Allah Memberi Petunjuk Hamba-Nya Yang Sabar
Dalam suatu perkuliahan, Dr. Khalid al-Jabir salah seorang dokter spesialis bedah dirumah sakit Riyadh menuturkan sebuah kisah nyata. Beliau berkata, bahwa dulu ketika masih kuliah beliau punya seorang teman yang kuliah di akademi militer. Dia adalah mahasiswa yang sangat gagah, cerdas dan shalih. Ketika wisuda dia adalah lulusan terbaik dan meraih penghargaan tertinggi dari kampusnya. Tentu saja hal ini membuat dia dan keluarganya merasa bangga.
Akan tetapi, setelah beberapa bulan selesai dari pendidikannya itu, dia terserang demam yang pada awalnya hanyalah influenza biasa. Demamnya ini kemudian membuat tubuhnya menjadi sangat kurus bahkan akhirnya dia terserang lumpuh total. Dia harus dirawat intensif di rumah sakit karena kondisinya yang semakin memburuk. Menurut analisa dokter sangat kecil kemungkinan dia bisa sembuh dan baik kembali.
Sebulan kemudian, saya datang menjenguknya di rumah sakit. Saya mendapatinya terbaring lemah tanpa bisa bergerak, sangat berbeda dengan kondisinya yang gagah, kuat, lincah dan agresif ketika masih sehat dahulu. Saya berusaha menghiburnya untuk selalu bersabar dan berdo’a supaya bisa cepat sembuh. Akan tetapi, diluar dugaan saya dia mengucapkan suatu ungkapan yang membuat saya terkejut sekaligus merasa kagum atas kesabarannya. Dia berkata kepada saya, “Saudaraku, ini adalah bukti kasih saying Allah kepada saya. Dulu ketika saya sehat dan kuat saya lengah terhadap al-Qur’an, karena kesibukan saya menghadapi tugas dunia. Dengan sakit seperti ini, saya tidak lagi disibukan oleh dunia sehingga saya bisa berkosentrasi menghafal al-Qur’an”. Saya benar-benar terkejut dengan ucapannya itu dan mungkin tidak akan bisa saya lupakan.

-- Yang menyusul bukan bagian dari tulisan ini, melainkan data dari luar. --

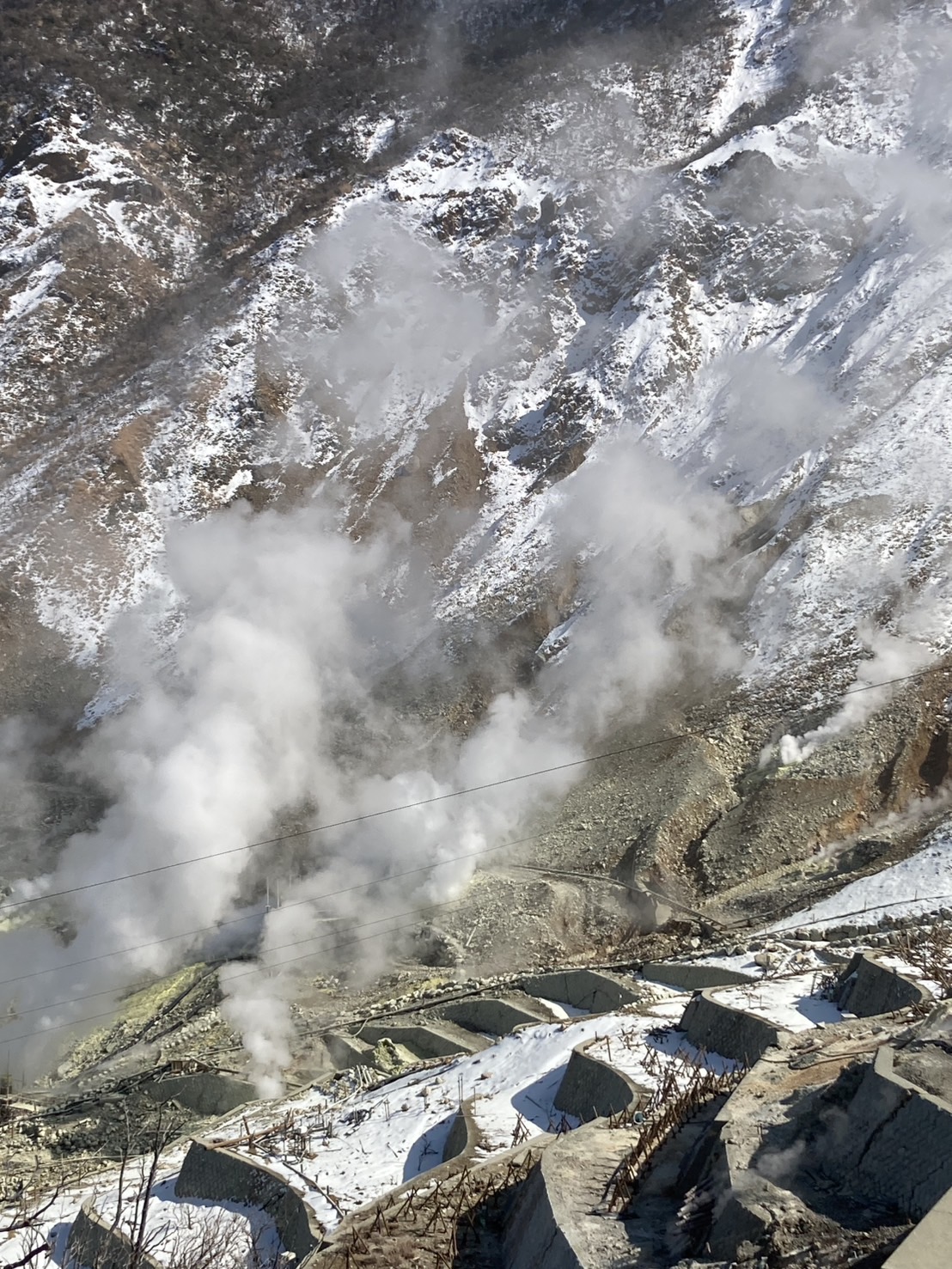 大涌谷は少し雪が積もっていました  展望台は硫黄の臭いがします

Beberapa bulan kemudian, saya mendapatkan beasiswa untuk melanjutkan program S2 sehingga saya harus berangkat ke luar kota. Sebelum saya berangkat terlebih dahulu saya menjenguknya di rumah sakit. Saat bertemu dengannya kembali saya menghiburnya dan mengajaknya untuk menggerak-gerakan kakinya demi percepatan kesembuhannya. Kembali saya mendapat pelajaran berharga yang keluar dari mulutnya, “Saudaraku, saya malu untuk cepat sembuh. Jika Allah mentakdirkan saya sembuh, saya akan terima dengan penuh rasa syukur. Namun, jika Allah mentakdirkan saya untuk tidak sembuh saya juga bersyukur kepadanya. Sebab, hanya Allah yang paling tahu apa yang terbaik untuk hamba-Nya. Bisa jadi kita mengharapkan kesembuhan, namun bagi Allah kesembuhan bukanlah yang terbaik untuk kita. Ingatlah firman Allah
…وَعَسَى أَنْ تَكْرَهُوا شَيْئًا وَهُوَ خَيْرٌ لَكُمْ وَعَسَى أَنْ تُحِبُّوا شَيْئًا وَهُوَ شَرٌّ لَكُمْ وَاللَّهُ يَعْلَمُ وَأَنْتُمْ لَا تَعْلَمُونَ
Artinya: “…Boleh jadi kamu membenci sesuatu, padahal ia amat baik bagimu, dan boleh jadi (pula) kamu menyukai sesuatu, padahal ia amat buruk bagimu; Allah mengetahui, sedang kamu tidak mengetahui.” (Q.S. al-Baqarah[2]:216
Saya benar-benar kagum atas ketabahan dan sikapnya yang selalu memandang semua yang datang dari Allah adalah kebaikan. Kemudian saya berangkat melanjutkan studi ke luar kota selama dua tahun. Namun, setelah satu tahun saya kembali ke kampung saat liburan musim panas. Saya mengira sahabat saya masih terbaring tidak berdaya di rumah sakit, sehingga sayapun menuju ke sana untuk melihat keadaannya. Setelah saya tanya kepada petugas rumah sakit tentang keberadaan sahabat saya itu, petugas memberitahukan bahwa dia sudah pulang.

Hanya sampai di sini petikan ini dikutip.